* **Problem to solve**
In the entries below, find the line with "Portrait of a" and the line with "눈 주위나 관자놀이가". Repeat exactly everything between them, those two lines included, but not the pictures.

Start of Listed entries

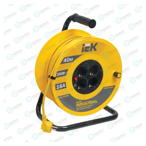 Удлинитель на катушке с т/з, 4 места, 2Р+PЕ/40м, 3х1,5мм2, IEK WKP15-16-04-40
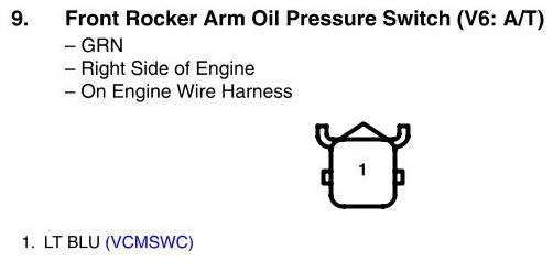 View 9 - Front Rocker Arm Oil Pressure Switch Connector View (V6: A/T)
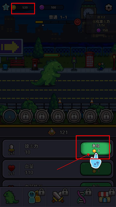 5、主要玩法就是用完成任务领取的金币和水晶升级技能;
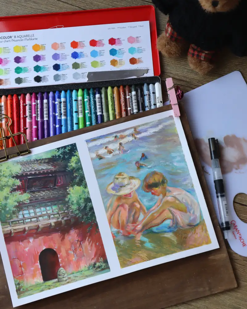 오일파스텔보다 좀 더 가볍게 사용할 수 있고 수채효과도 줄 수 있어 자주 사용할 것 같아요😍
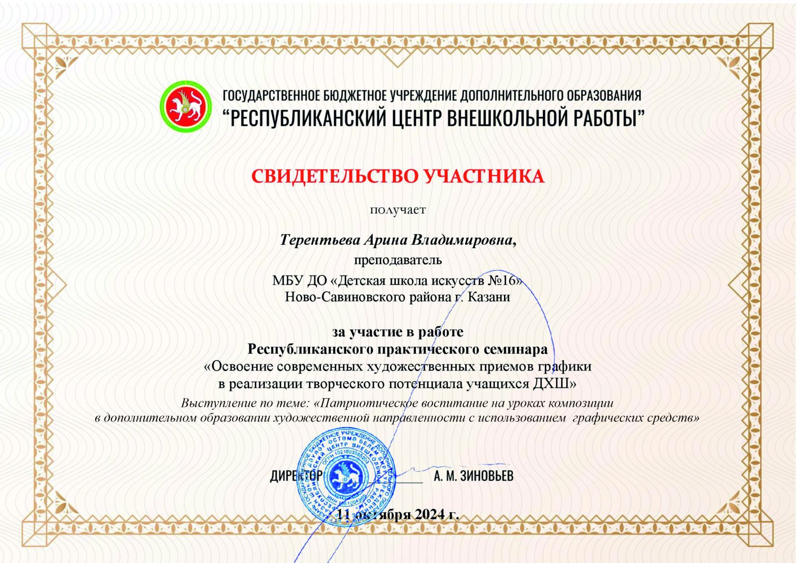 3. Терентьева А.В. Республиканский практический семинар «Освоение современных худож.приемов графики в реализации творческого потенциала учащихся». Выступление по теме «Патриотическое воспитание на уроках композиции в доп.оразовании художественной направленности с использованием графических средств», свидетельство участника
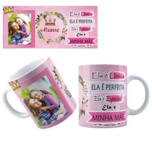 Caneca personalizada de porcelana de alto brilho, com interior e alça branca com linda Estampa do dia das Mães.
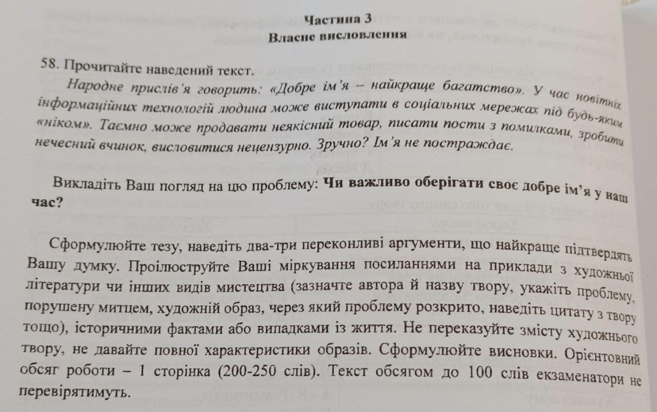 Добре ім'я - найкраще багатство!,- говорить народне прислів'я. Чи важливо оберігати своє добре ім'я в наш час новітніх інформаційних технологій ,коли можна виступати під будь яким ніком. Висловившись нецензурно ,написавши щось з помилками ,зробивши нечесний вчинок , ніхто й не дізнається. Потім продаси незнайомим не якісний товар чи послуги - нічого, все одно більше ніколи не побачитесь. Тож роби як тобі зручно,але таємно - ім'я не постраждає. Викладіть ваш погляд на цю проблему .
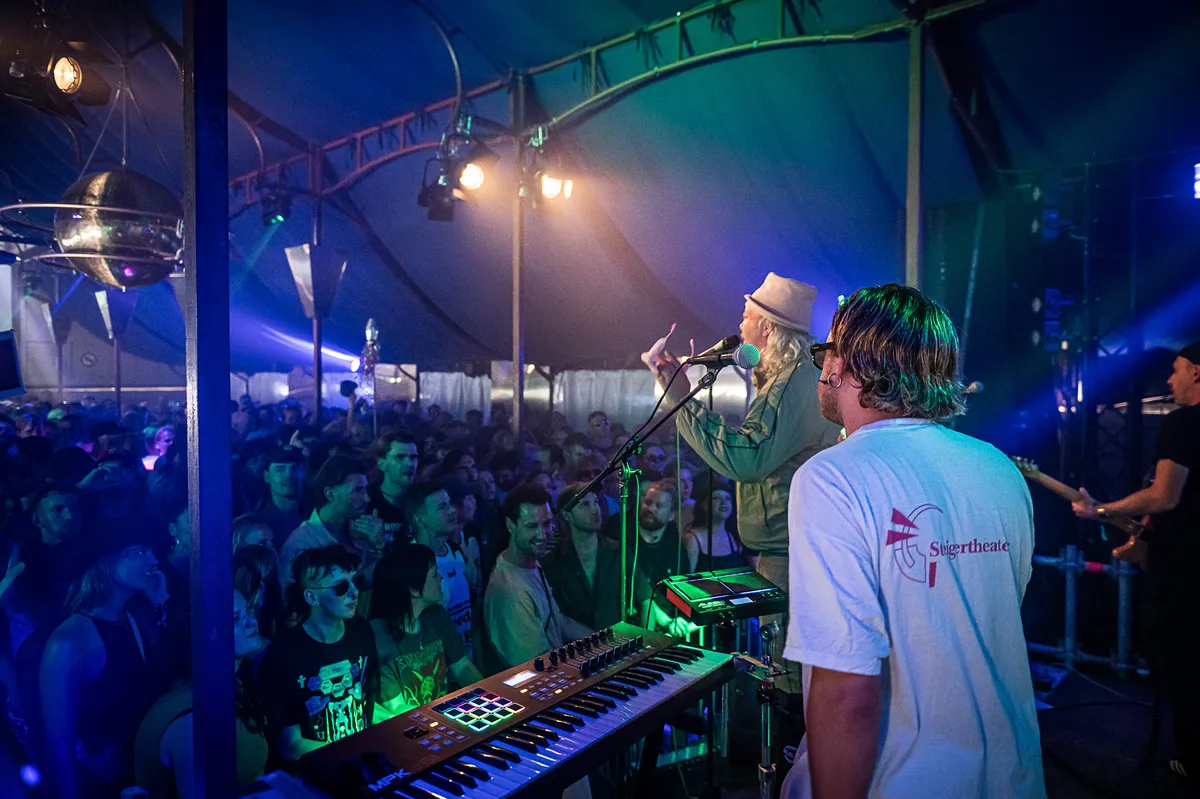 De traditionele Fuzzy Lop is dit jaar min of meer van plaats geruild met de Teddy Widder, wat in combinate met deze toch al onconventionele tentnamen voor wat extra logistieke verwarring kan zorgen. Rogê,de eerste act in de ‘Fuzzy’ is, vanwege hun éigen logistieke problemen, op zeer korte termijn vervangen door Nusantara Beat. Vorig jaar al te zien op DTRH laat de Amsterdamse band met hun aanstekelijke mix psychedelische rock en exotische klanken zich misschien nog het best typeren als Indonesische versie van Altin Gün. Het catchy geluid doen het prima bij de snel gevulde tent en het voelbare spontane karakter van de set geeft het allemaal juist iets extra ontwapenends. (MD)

End of Listed entries
Start of Listed entries

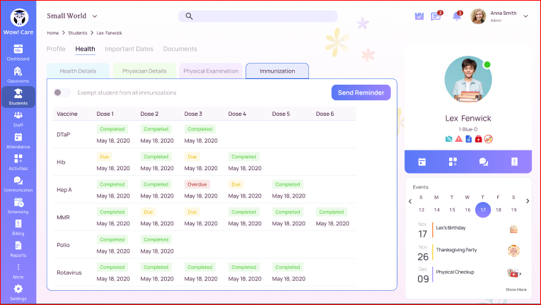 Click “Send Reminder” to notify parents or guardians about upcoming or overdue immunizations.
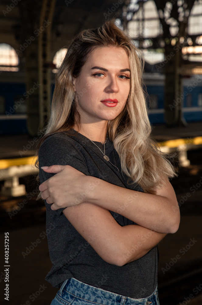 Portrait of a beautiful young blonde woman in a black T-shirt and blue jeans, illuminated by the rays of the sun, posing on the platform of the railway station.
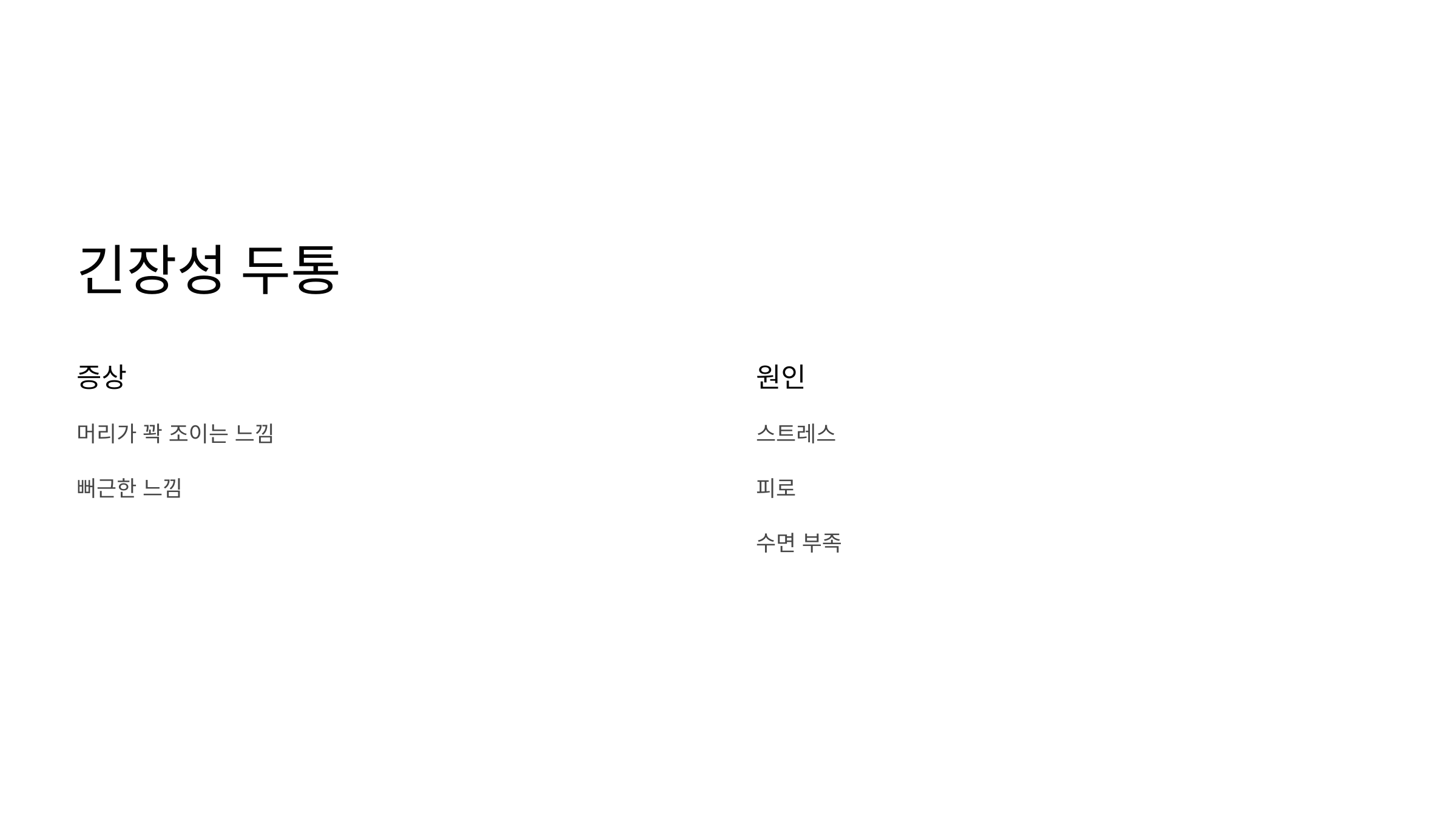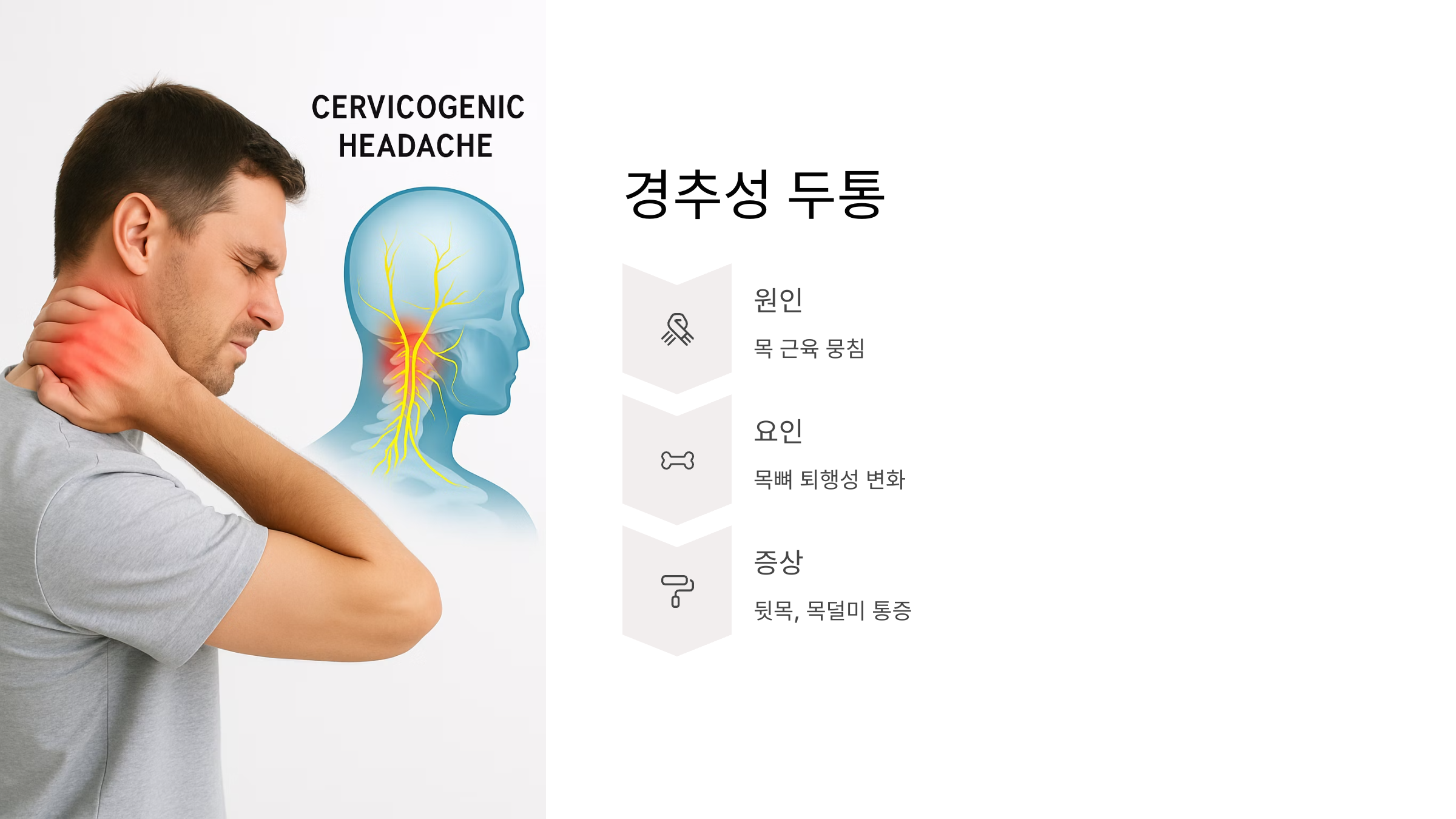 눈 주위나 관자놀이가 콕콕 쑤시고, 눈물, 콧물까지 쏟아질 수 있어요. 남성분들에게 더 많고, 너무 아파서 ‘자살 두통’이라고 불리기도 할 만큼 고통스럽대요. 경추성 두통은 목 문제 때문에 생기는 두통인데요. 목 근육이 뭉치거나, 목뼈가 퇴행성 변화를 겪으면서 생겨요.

End of Listed entries

* **Result**
 Portrait of a beautiful young blonde woman in a black T-shirt and blue jeans, illuminated by the rays of the sun, posing on the platform of the railway station.
 눈 주위나 관자놀이가 콕콕 쑤시고, 눈물, 콧물까지 쏟아질 수 있어요. 남성분들에게 더 많고, 너무 아파서 ‘자살 두통’이라고 불리기도 할 만큼 고통스럽대요. 경추성 두통은 목 문제 때문에 생기는 두통인데요. 목 근육이 뭉치거나, 목뼈가 퇴행성 변화를 겪으면서 생겨요.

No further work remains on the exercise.